4 Haziran’da Avrupa Merkez Bankası, 10 Haziran’da Fed, 16 Haziran’da Japonya Merkez Bankası, 18 Haziran’da İngiltere Merkez Bankası ve 25 Haziran’da TCMB faiz kararlarının takip edilecek. Buna ek olarak, aylık ekonomik takvimde öne çıkan diğer bazı tarihler 5 Haziran Moody’s Türkiye Kredi Notu planlı gözden geçirmesi, 9-10 Haziran OPEC-OPEC+ toplantıları, 10-12 Haziran G-7 Zirvesi olarak not edilebilir. Salgına ilişkin yakın dönemde öne çıkan kontrol altına alınıyor algısının devam etmesi finansal piyasalardaki iyimser havanın devam etmesini sağlayabilir.
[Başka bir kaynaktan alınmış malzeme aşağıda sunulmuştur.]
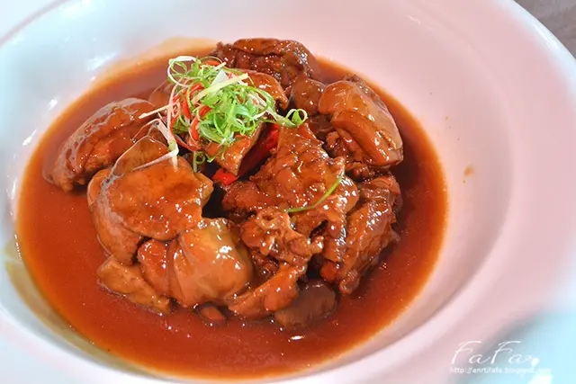 栗子綿泥香中帶甜,而雞肉在紅燒之後有著香噴噴的焢肉氣味及燻香,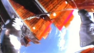 在6小時的工作中,美國宇航員帕拉辛斯基嘗試修補一塊在上月底在修展開時損毀的太陽能板的一道裂縫。據(jù)悉,此次修復工作是成功的,太陽能翼板將能全面張開,伸展到適當位置。
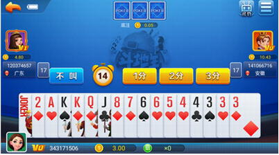 叫分环节:在发牌过程中,会有叫分环节。玩家根据自己手中牌的好坏,依次叫分,叫分越高,获胜后的奖励也越高。叫分结束后,叫分最高的玩家成为地主。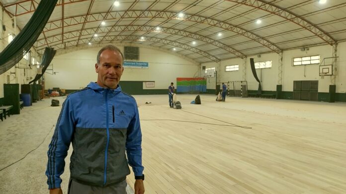 El profesor de gimnasia que encabeza el área de deportes municipal empezó contando algunos de los detalles sobre los importantes trabajos que se están realizando en el piso de Gimnasio Municipal: «Estamos en plena obra, realizando el reacondicionamiento a nuevo del piso flotante del gimnasio municipal, donde funciona el CEF 30. Muy contentos con el avance de la obra.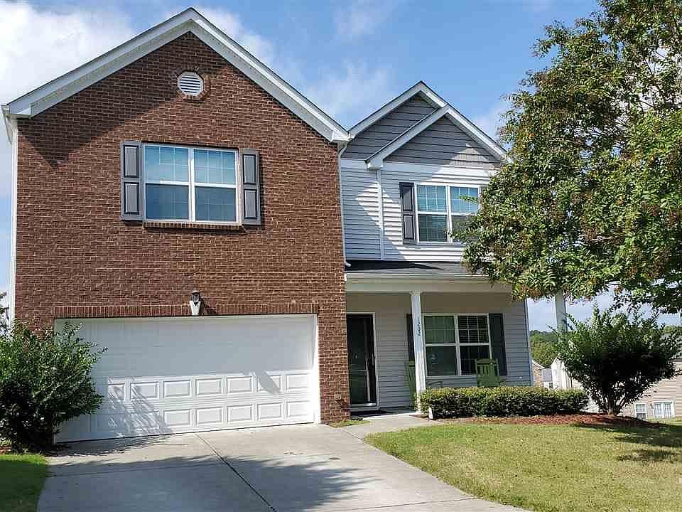Finally one of the larger floor plans is available in Swanns Mill. This home features a spacious open kitchen and living area, formal dinning room which can also be used as a home office, and 5 nicely sized bedrooms upstairs. Outside is a flat fenced in back yard with storage shed, covered porch and patio. Across the street is the community pool and park.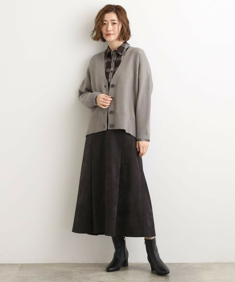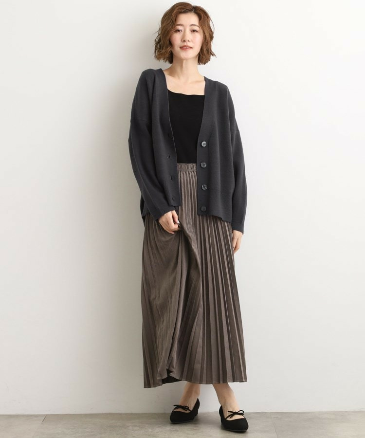 ワイドパンツやロングスカートと合わせると、程よく力の抜けた大人のリラックス感を演出できます。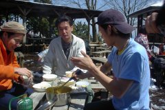 今回は和氣くんのドタキャン挽回スペシャル キーマカリー、チキン&ビーフでおます。 初参加の坂本さんは山頂でビールです。 さすが、高畑さんのお友達(笑)。 ![]() | |||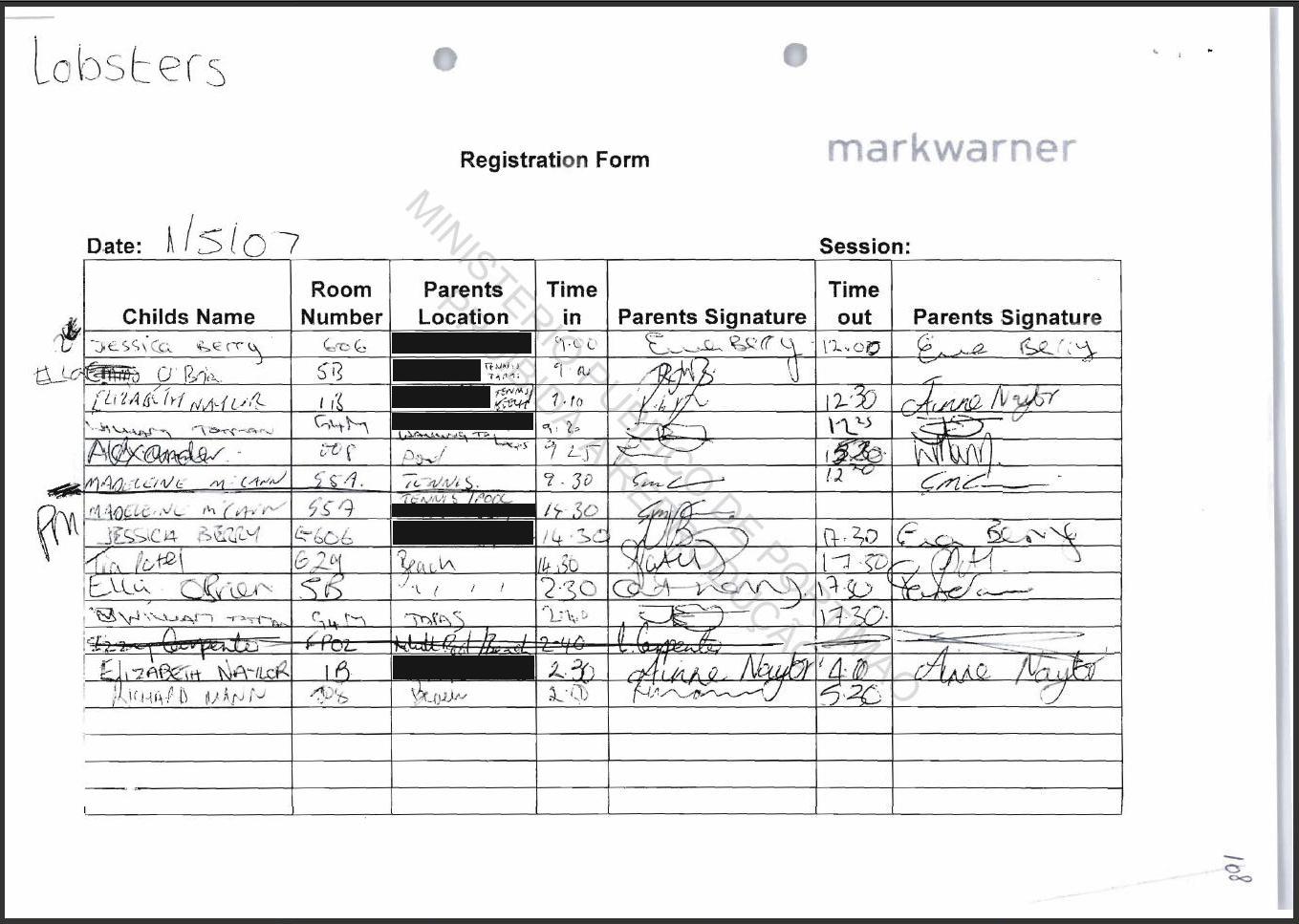 being signed out again at 4.00 p.m., Madeleine is not signed out at all.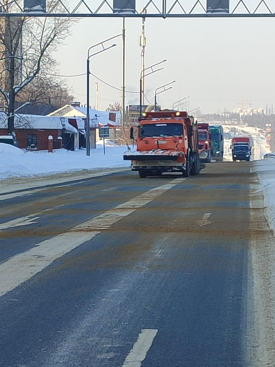 Согласно решению КЧС сотрудники муниципального ЦУГД приступили к антигололедной обработке этого участка федеральной трассы для того, чтобы не допустить транзитного транспорта через дорожные артерии внутри города.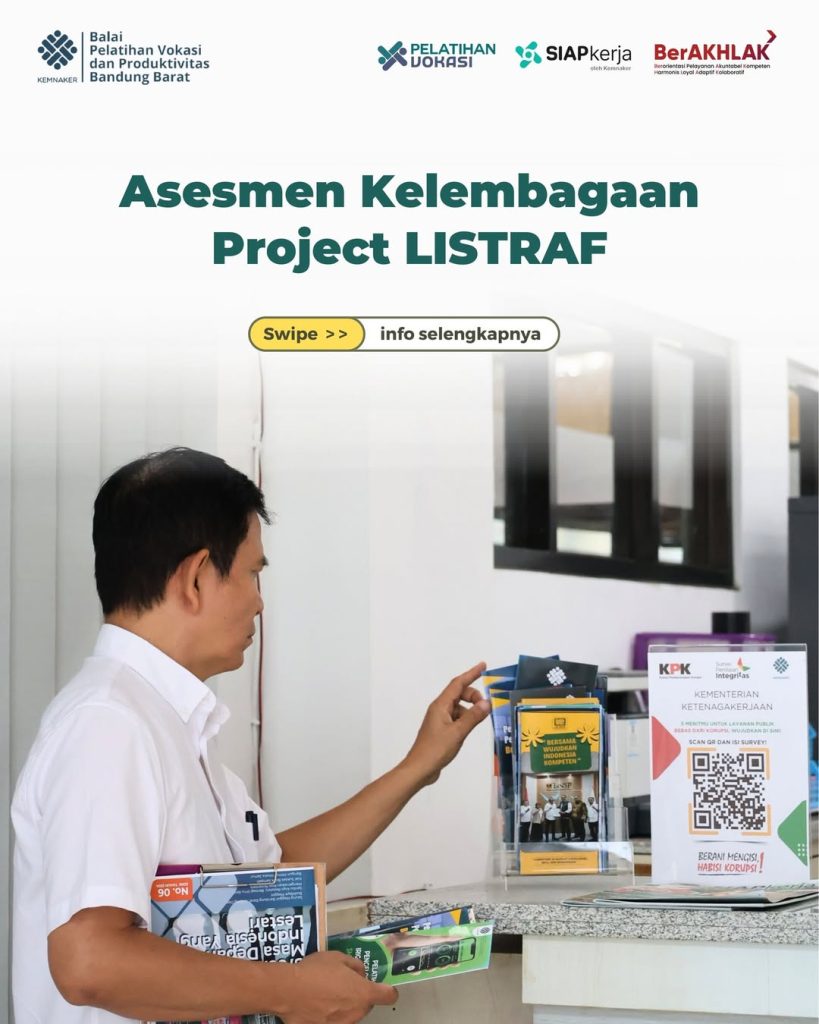 Bandung Barat, 2 Desember 2025 — BPVP Bandung Barat menjadi lokasi awal asesmen Project LISTRAF pada 1–2 Desember 2025. Kegiatan ini bagian dari agenda nasional Kemnaker untuk memperkuat transformasi balai pelatihan. Tim ahli dan tim teknis hadir untuk menilai kesiapan kelembagaan dan layanan vokasi.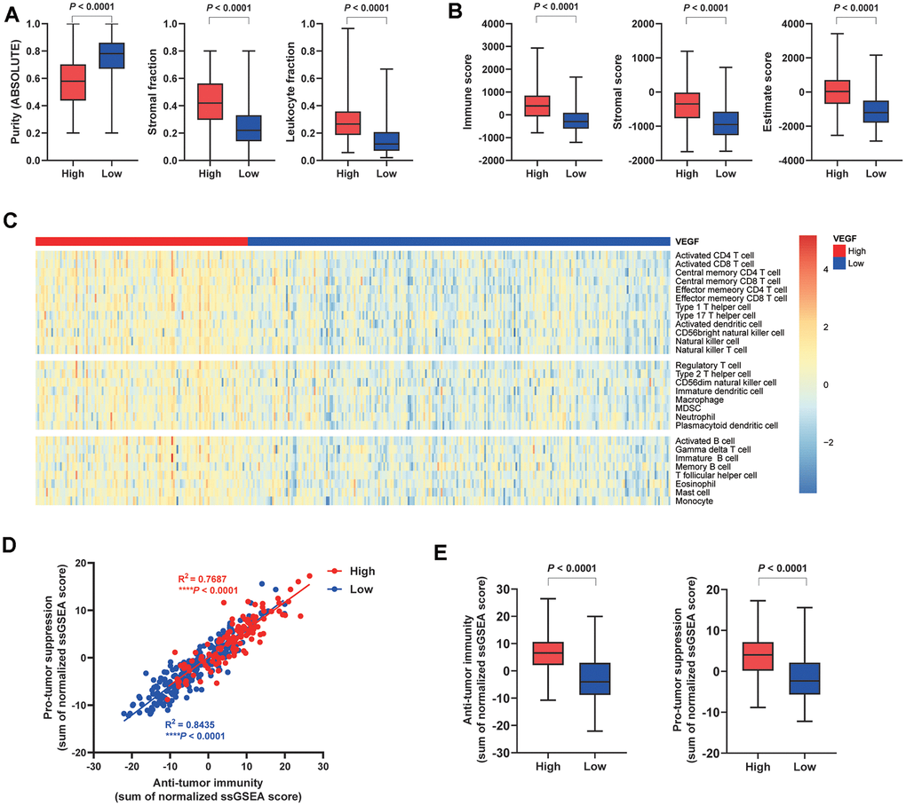 Based on the published data from the TCGA group, we compared the tumor purity and the stromal fraction between the high and the low VEGF score subtype. This revealed a significantly lower tumor purity and higher stromal fraction in the high VEGF score subtype (P < 0.0001) (Figure 1A). More importantly, the high VEGF score subtype exhibited a significantly higher leukocyte fraction (P < 0.0001) (Figure 1A). Based on the ESTIMATE results, we found that the high VEGF score subtype had a significantly higher immune score, stromal score, and Estimate score (all with P < 0.0001) (Figure 1B). Infiltration of 28 immune cell types was estimated for each by using ssGSEA scores. scores. Compared with the low VEGF score subtype, the high VEGF score subtype had relatively higher immune cell infiltration, including cells contributing to anti-tumor immunity (e.g., activated CD8+ T cells, type 1 T helper cells, and natural killer cells) and cells contributing to pro-tumor suppression (e.g., regulatory T cells, immature dendritic cells, and myeloid-derived suppressor cells, MDSCs) (Figure 1C). For each VEGF score subtype, Spearman’s correlation test suggested a positive association between these two categories of immune cells in the local tumor microenvironment (Figure 1D). The high VEGF score group exhibited both higher anti-tumor immunity and pro-tumor suppression (Figure 1E).
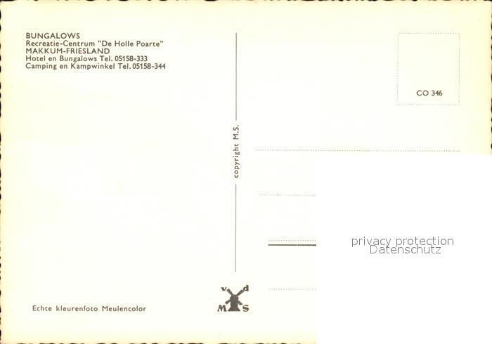 Makkum Bungalows Recreatiecentrum De Holle Poarte postalisch nicht gelaufen Erhaltung siehe scans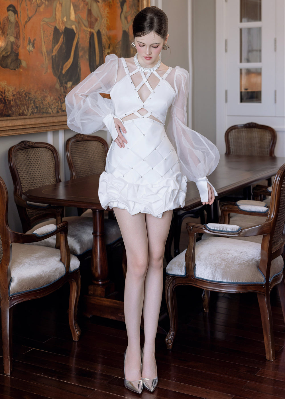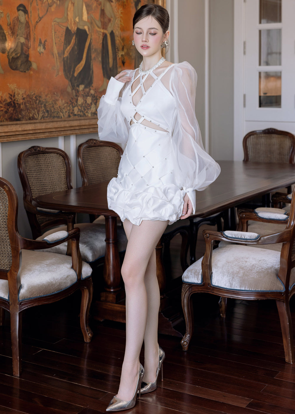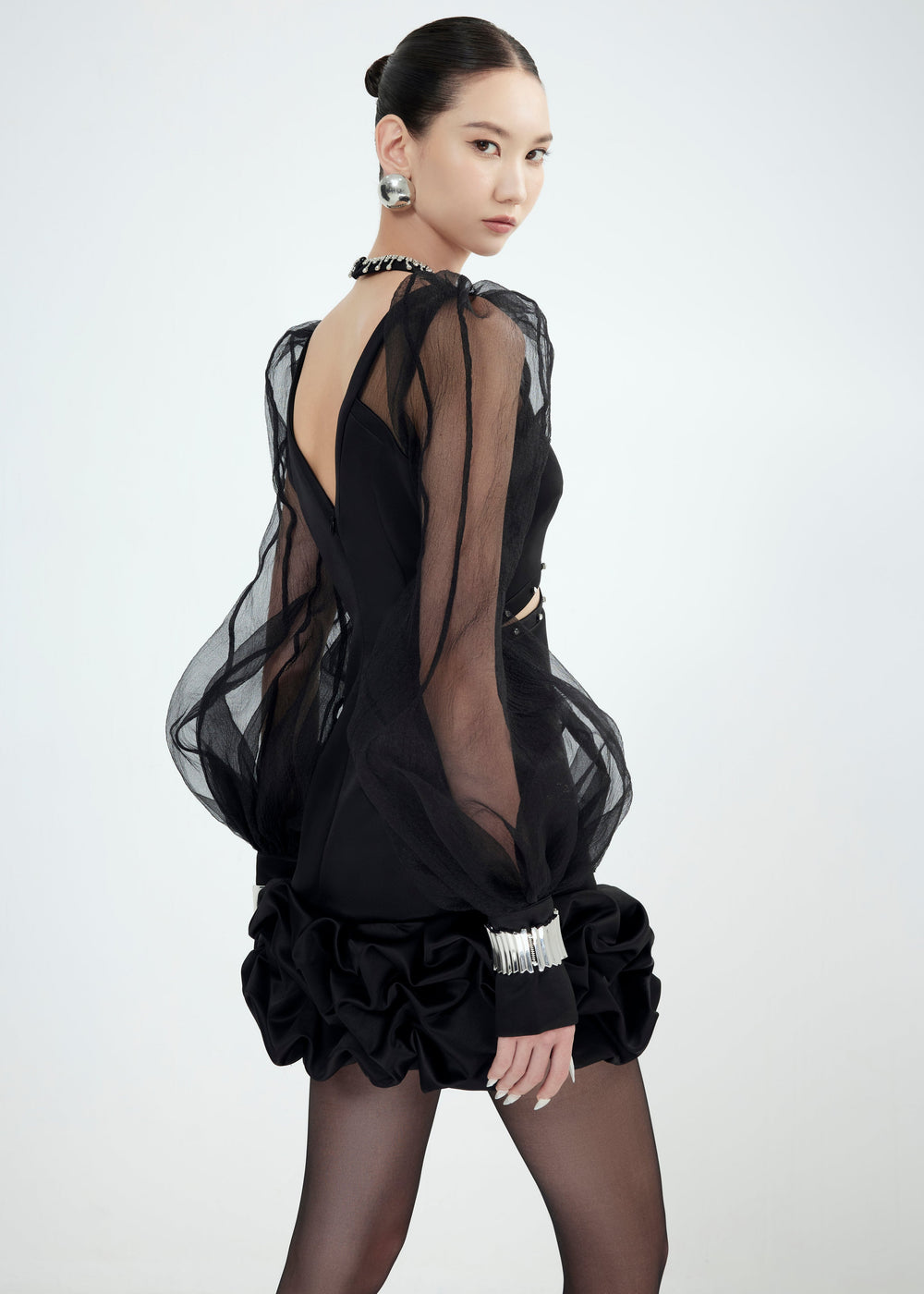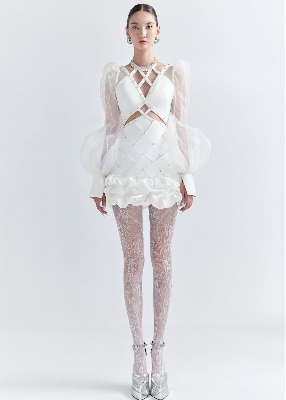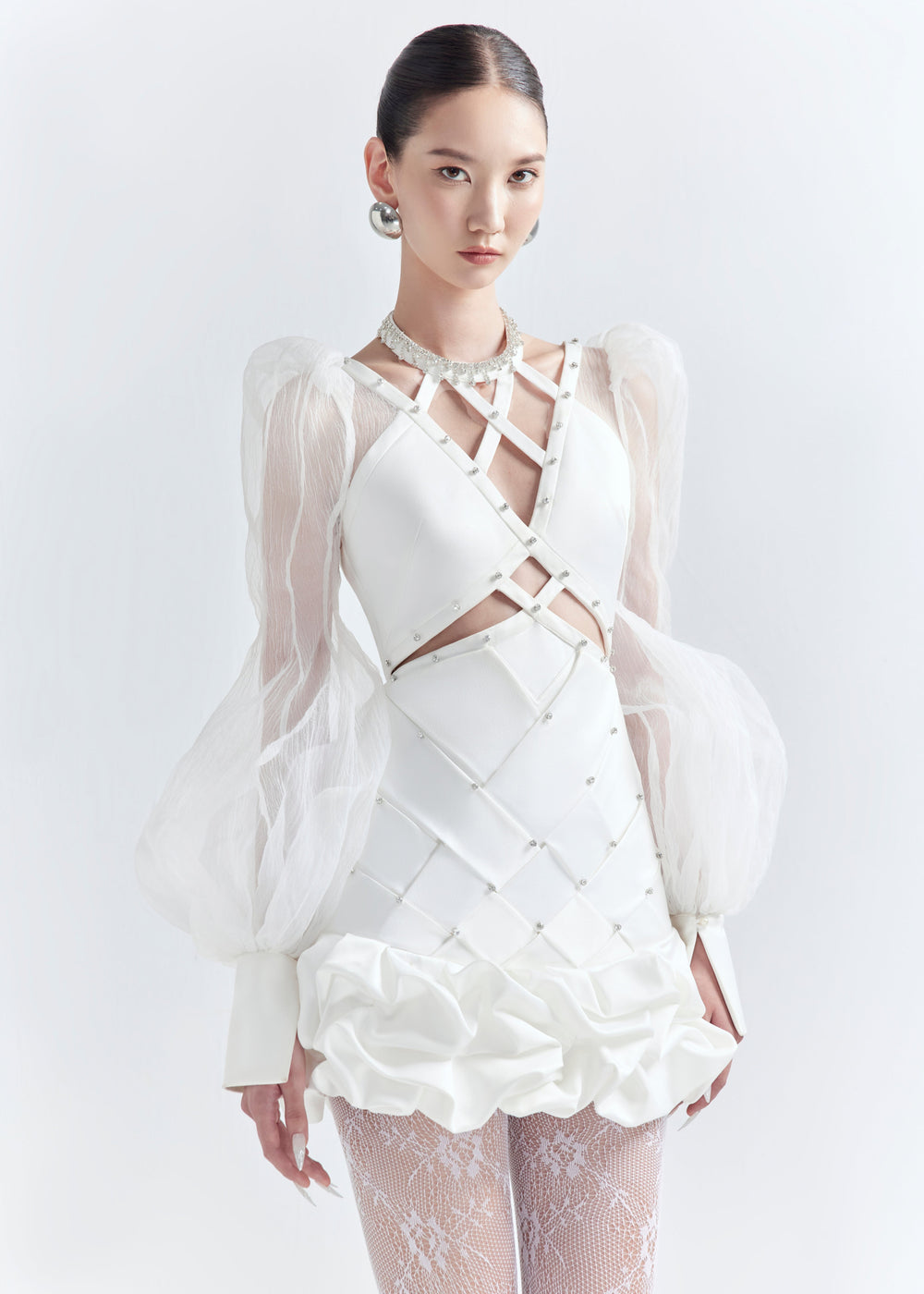 SAPPHIRE DREAM is a radiant, mysterious, and captivating design. The look is elevated by sheer, voluminous chiffon sleeves that bring a refined sense of romance. The cut-out bodice features an intricate crisscross patchwork construction, creating an artistic sense of movement. Shimmering stones embellish the surface like light dancing across a sapphire, transforming the piece into a statement of wearable jewelry that allows the wearer to shine in every moment.

Ancak, bu pandemi sürecinde oluşan tahribatın ekonomik aktivite üzerindeki etkileri ile bu süreç boyunca bir geri planda kalan/bekletilen bazı sorunların gündeme gelme riski (örneğin ABD-Çin arasında yakın dönemde artan gerginlik, pandemiye karşı Avrupa Birliği ülkeleri içinde özellikle erken dönemde güçlü ve ortak bir tepki verilememesi vs.) hisse senedi piyasalarındaki mevcut iyimser havanın gölgelenmesine neden olabilir. Diğer taraftan, mevcut tedbirlerde gözlenen gevşemenin yeni bir salgm dalgası riskini ortaya çıkarması da piyasalarda yeni bir düzeltme dalgasına yol açabilir. Özetle, oldukça sıkıntılı/stresli geçen birkaç aylık dönemin ardından oluşan iyimser eğilimlere en azından bir süre daha temkinli yaklaşmakta fayda olacaktır.